We haven't made a final decision about what to do about Christmas and I don't know if I should stick to my guns and say that we stay here. His parents are coming next week and we'll see them again in April when they come and visit.

OP posts:
CogitoErgoSometimes · 10/10/2014 11:10

Sadly, when you put 'old man with cancer' in the mix of any argument, you're very unlikely to win. It's like a trump card isn't it? Hmm On the specific problem, when are your parents back from their Christmas break? Can you stay on a little longer so that you see your FIL and them as well?

More generally, it doesn't sound at all right that you end up caving to all DH's plans and mind-changes. Yes, it will be influencing the resentment you feel over the Christmas plans. I think the lesson to take away is that this is the last time you do it. No more caving. No more scrambling. Not even if 'old man with cancer' is involved.

CleanLinesSharpEdges · 10/10/2014 11:13

You're not unreasonable to be annoyed about the situation, no. However "dad with cancer" trumps any argument you can come up with.

But if this is the pattern of your relationship, then it's time to stop going along with your DH's plansand asserting your wishes a bit more.

I'd start by saying what you do next Christmas is entirely your choice.

GingerPuddin · 10/10/2014 11:33

Thanks. It's true that it's mainly past behavior that is influencing my feelings. Plus it's my moms 65th this year and she wants us to come visit in the summer to celebrate and DH has been really reluctant to commit to going. I think I'll say we can go back for Christmas but come hell or high water we're going back for moms birthday too.

OP posts:
MaryWestmacott · 10/10/2014 11:40

I think you need to sit him down and explain that while he might not realise he's doing it, he does make plans and expect you to fit in with them, without giving thought to your feelings. That while you will go back to see his dad this christmas (and speak to your parents, they might be able to move that holiday this far in advance), you expect him to stop just thinking about what he wants and how he feels when planning trips back, but to include thinking about your feelings and what matters to you.

And you need to be a little less passive - if you wanted to go back this year, then your feelings about that are as valid as your DH's desire not to. Why did you just prioritise what he wanted? Do you always do that?

It seems you put him first and he puts him first. If he's going to be selfish about what he wants then you need to do the same.

CogitoErgoSometimes · 10/10/2014 11:41

Tell him that you're committing to going and, whether he goes with you or not, that's what will be happening. You're not joined at the hip...

Quitelikely · 10/10/2014 11:57

I think you should have spoken up in the summer about your desire to go away for Xmas.

I think if it's his dad has cancer then that is a strong enough reason to head off over there, tbf to your dh he wasn't planning to go before the diagnosis.

In future stand up for yourself and your wants. In a fair relationship, a compromise should always be on the agenda iykwim.

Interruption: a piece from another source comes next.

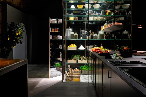 A última tecnologia para guardar e conservar os alimentos alia-se aos melhores materiais, como pedra natural, detalhes em bronze e placas de cerâmica. Alguns detalhes incluem materiais que passam do opaco ao transparente permitindo saber rapidamente onde tudo se encontra.

GingerPuddin · 10/10/2014 12:29

Yeah I'm usually very passive because to me loving someone means you want them to be happy. But I do need to stand up more for myself. It's something I struggle with a lot.

OP posts:
CogitoErgoSometimes · 10/10/2014 12:53

If you're passive and constantly roll over, no matter how much you love someone, they end up having no respect for you. All you get then is their contempt... and that's not a fair trade by any means.

Have you ever considered looking into assertiveness training?

Cricrichan · 10/10/2014 13:43

In this instance there is no way you should not go at Christmas.

But from now on be more assertive about your wishes and make sure that at least 50% of the time you get your wishes. Also if he changes his mind then he can do all the reorganising or lump it.